Exercise goal:
Could you return every record below exactly as it stands, leaving out the pictures?
The input: Begin
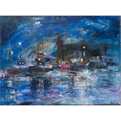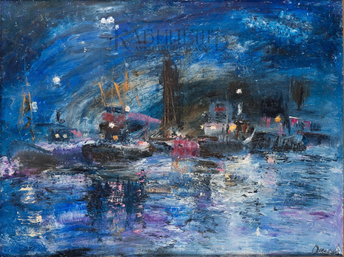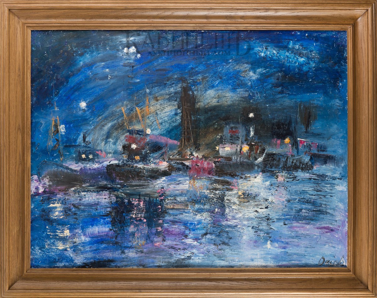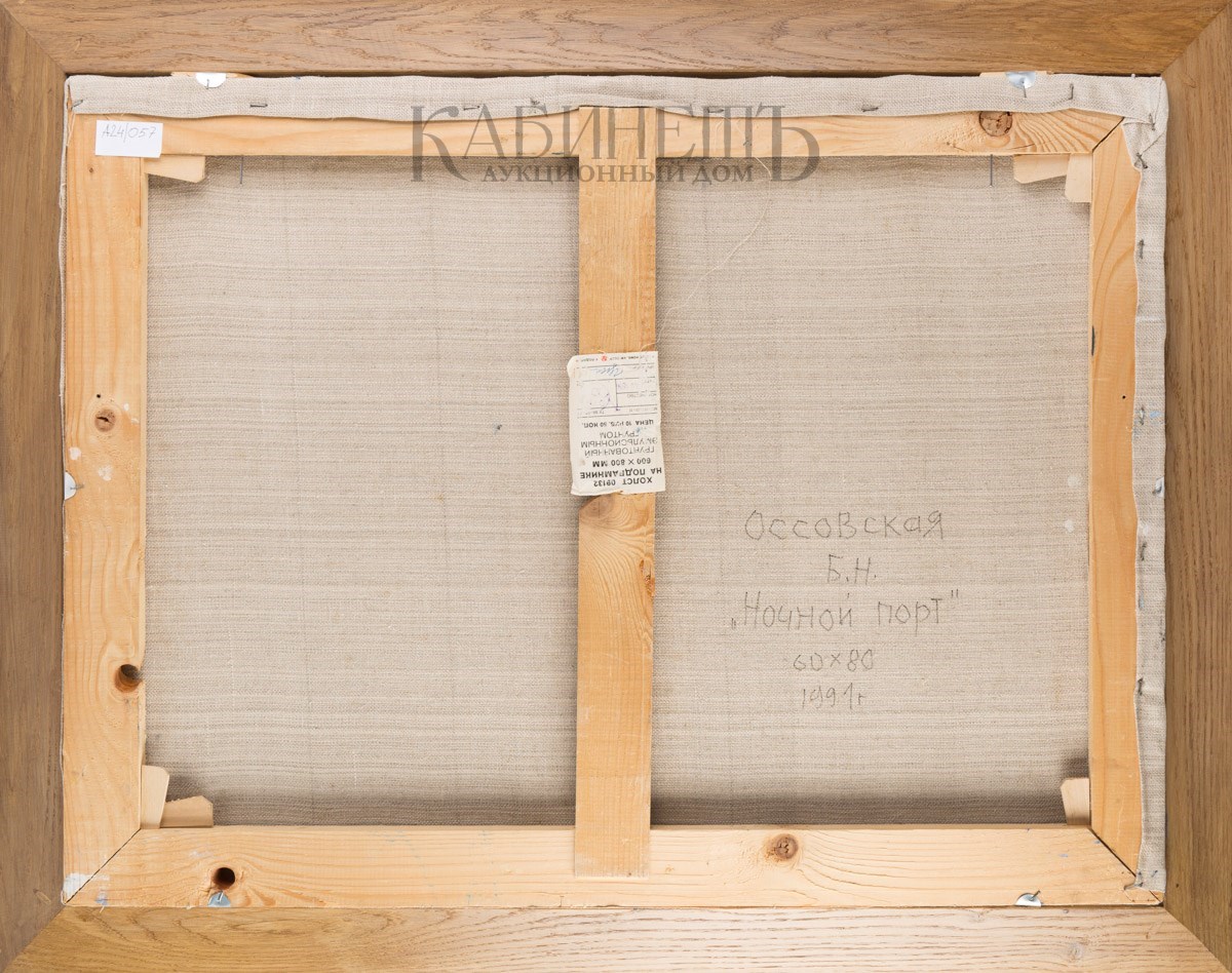 Справа внизу подпись. На оборотной стороне справа внизу надпись: «Оссовская/Б.Н./ «Ночной порт»/60 х 80 /1991 г.»
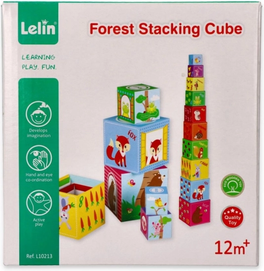 Ontdek de wereld van bosplezier en leren met onze stapelblokken van het merk Lelin. Een geweldig speelgoed voor kinderen dat de verbeelding, hand-oogcoördinatie en actief spel stimuleert. Elk blok is versierd met illustraties van bosdieren en cijfers, zodat kinderen al spelend kunnen leren. De afmetingen van het grootste blok zijn 15 x 15 x 15 cm, terwijl het kleinste blok 6 x 6 x 6 cm meet. De totale hoogte van de toren bedraagt 106 cm.
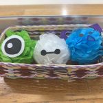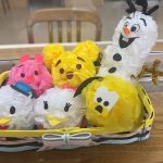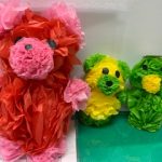 レクレーション制作でお花紙を使って沢山の作品ができまた。利用さんが開いてくれた、お花紙を作業療法士が目や鼻を付けてたくさんのキャラクターが出来上がりました。
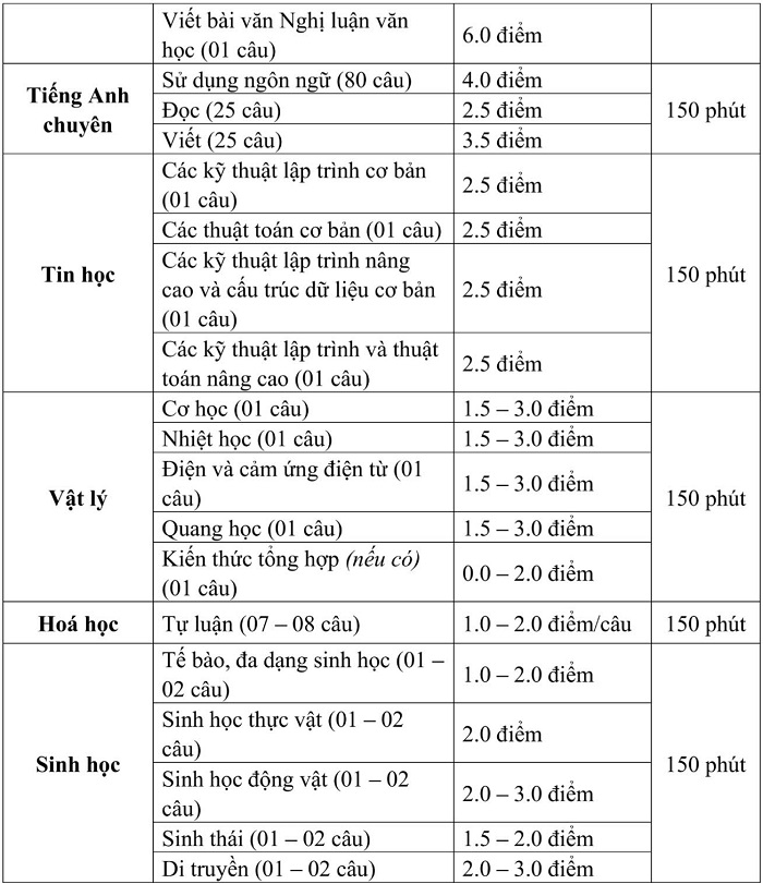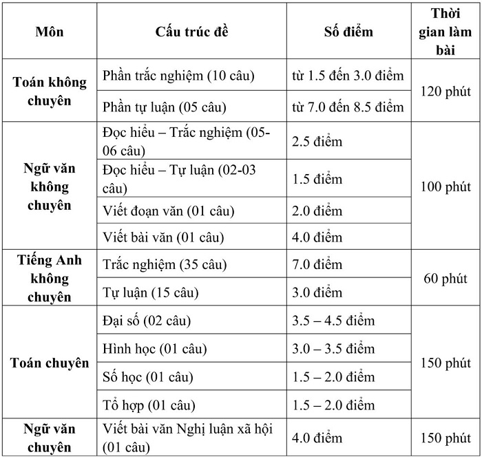 Cấu trúc đề thi lớp 10 Trường Phổ thông Năng khiếu năm 2025 được xây dựng trên nội dung Chương trình GDPT 2018, đảm bảo đánh giá toàn diện kiến thức và năng lực học sinh. Cụ thể như sau:
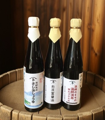 海鮮熟成さしみしょうゆ、海鮮漬丼早わざのたれ、お豆富醤油
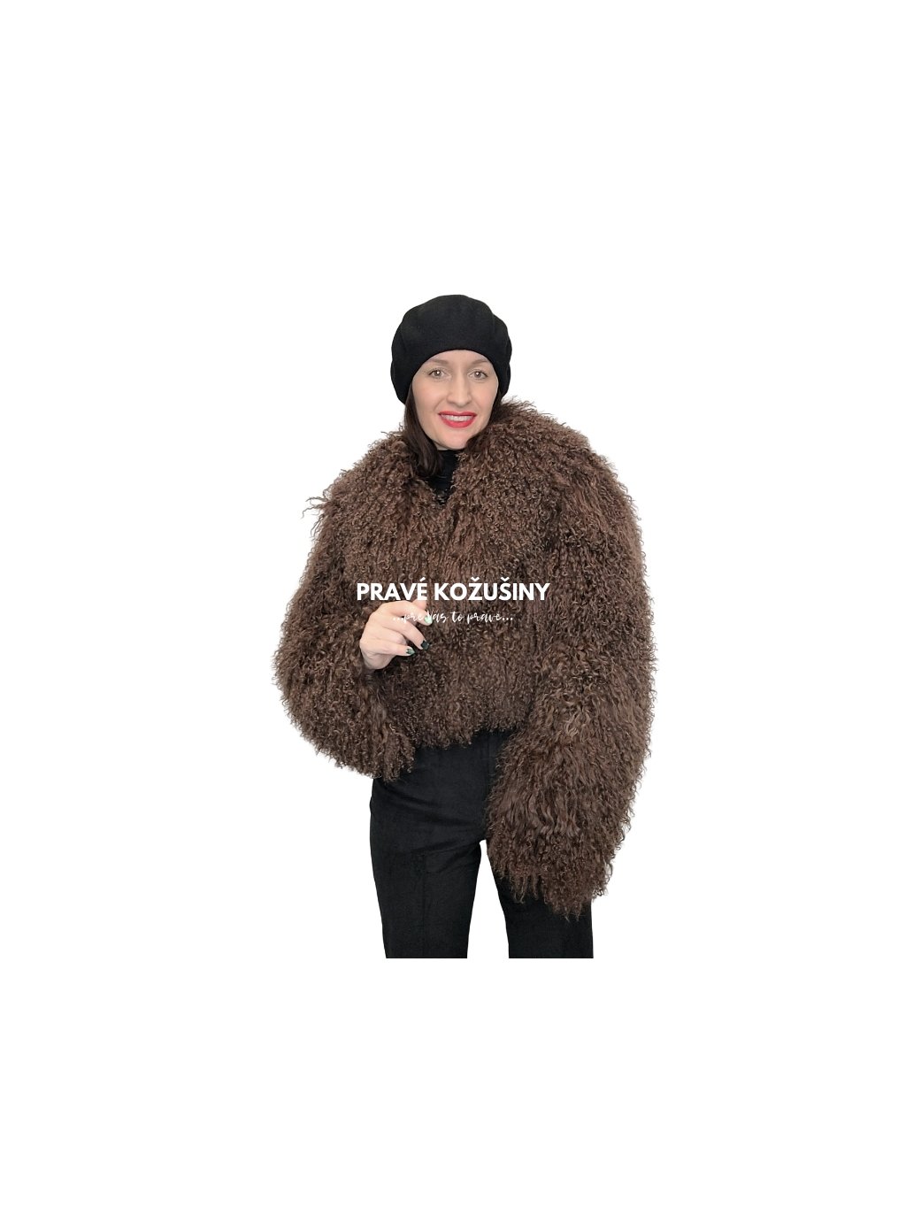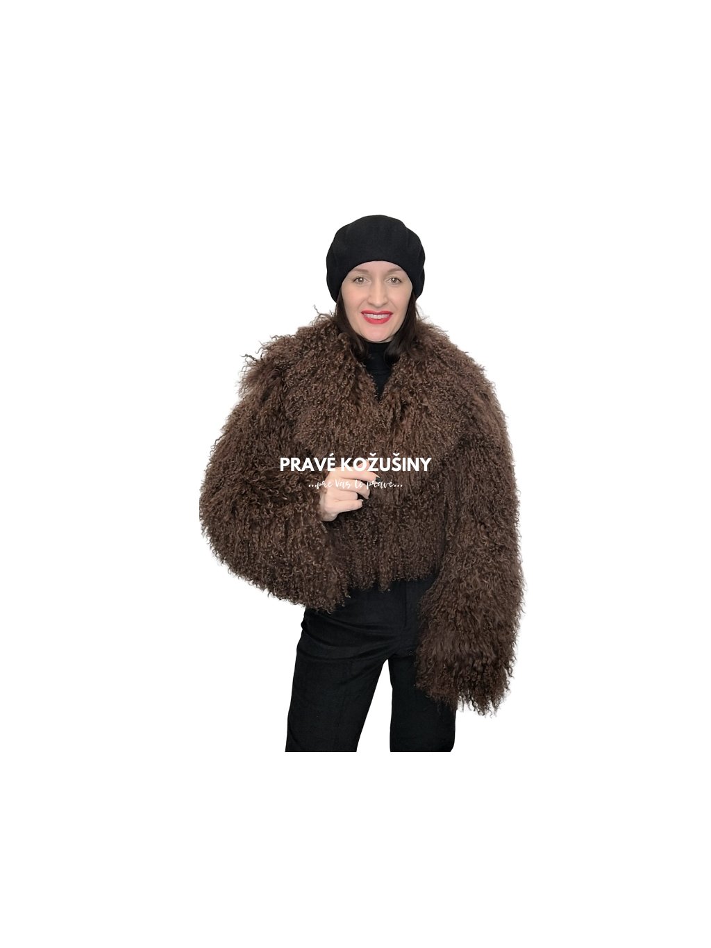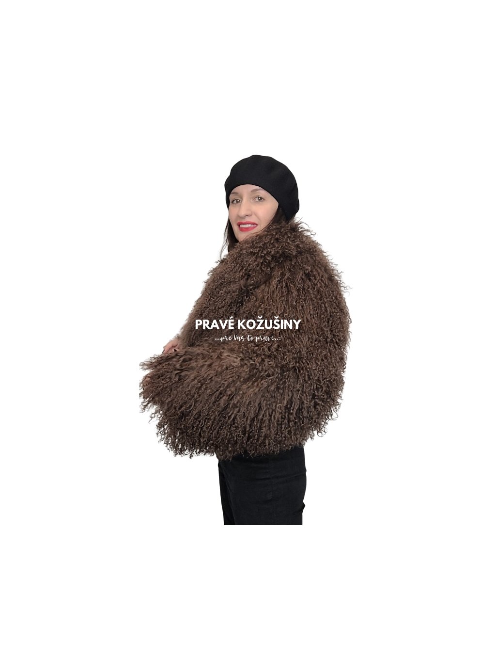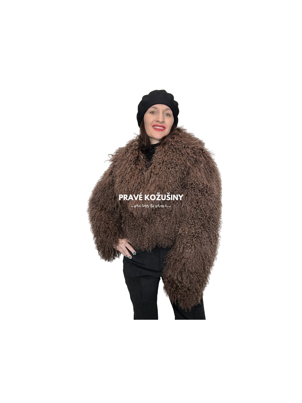 SKLADOM veľ. XXL - Čokoládovo hnedý kožuch z mongolskej ovce S KLASICKÝM GOLIEROM, K230
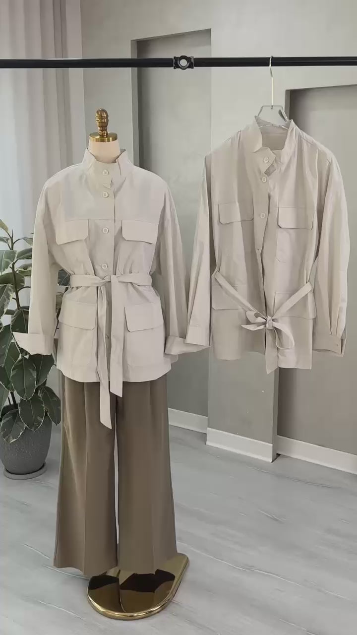 جاكيت نسائي بحيوب وحزام
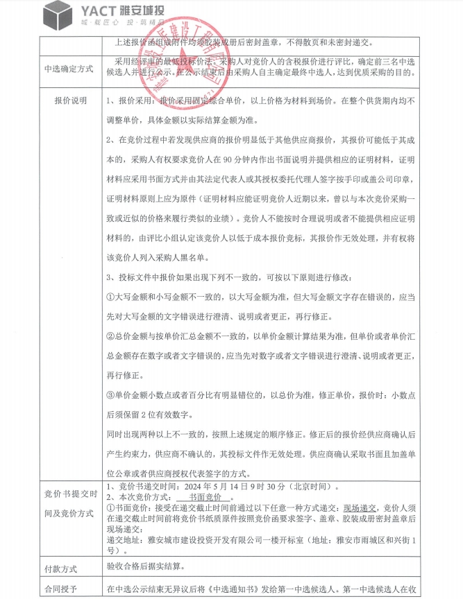 雅州壹號院總坪項(xiàng)目(樣板段)水電材料采購競價(jià)公告
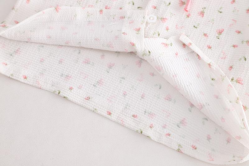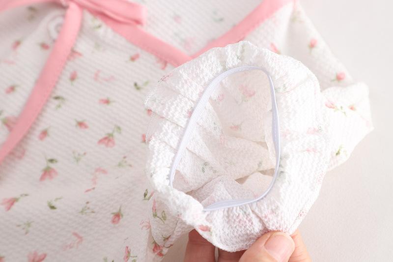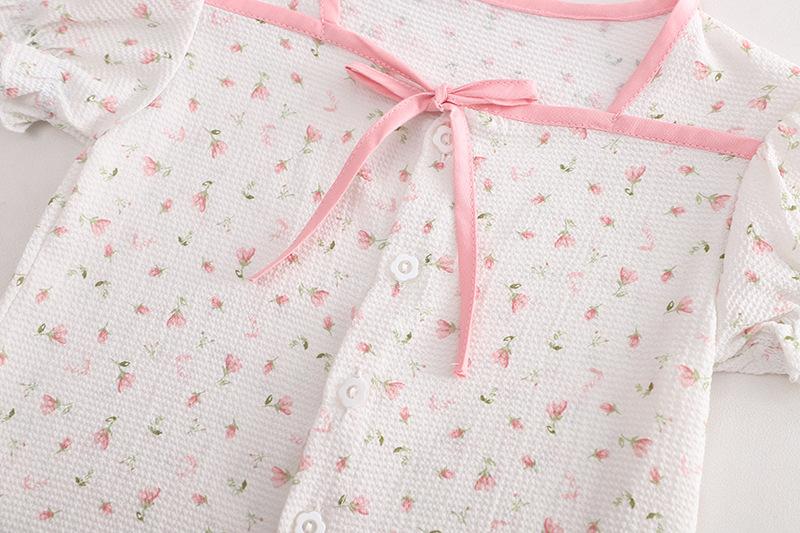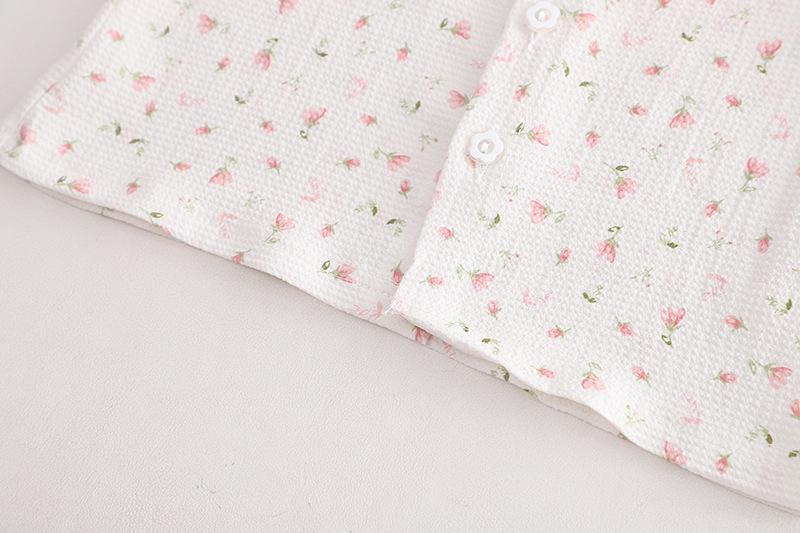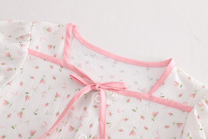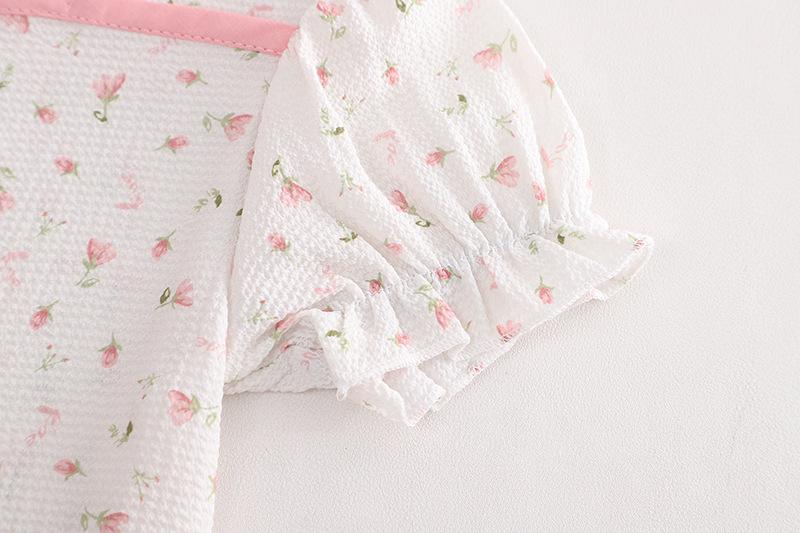 Pink Floral-Print Cardigan Short-Sleeved Set with Tight Strap
The input: End
Answer area:
 Справа внизу подпись. На оборотной стороне справа внизу надпись: «Оссовская/Б.Н./ «Ночной порт»/60 х 80 /1991 г.»
 Ontdek de wereld van bosplezier en leren met onze stapelblokken van het merk Lelin. Een geweldig speelgoed voor kinderen dat de verbeelding, hand-oogcoördinatie en actief spel stimuleert. Elk blok is versierd met illustraties van bosdieren en cijfers, zodat kinderen al spelend kunnen leren. De afmetingen van het grootste blok zijn 15 x 15 x 15 cm, terwijl het kleinste blok 6 x 6 x 6 cm meet. De totale hoogte van de toren bedraagt 106 cm.
 レクレーション制作でお花紙を使って沢山の作品ができまた。利用さんが開いてくれた、お花紙を作業療法士が目や鼻を付けてたくさんのキャラクターが出来上がりました。
 Cấu trúc đề thi lớp 10 Trường Phổ thông Năng khiếu năm 2025 được xây dựng trên nội dung Chương trình GDPT 2018, đảm bảo đánh giá toàn diện kiến thức và năng lực học sinh. Cụ thể như sau:
 海鮮熟成さしみしょうゆ、海鮮漬丼早わざのたれ、お豆富醤油
 SKLADOM veľ. XXL - Čokoládovo hnedý kožuch z mongolskej ovce S KLASICKÝM GOLIEROM, K230
 جاكيت نسائي بحيوب وحزام
 雅州壹號院總坪項(xiàng)目(樣板段)水電材料采購競價(jià)公告
 Pink Floral-Print Cardigan Short-Sleeved Set with Tight Strap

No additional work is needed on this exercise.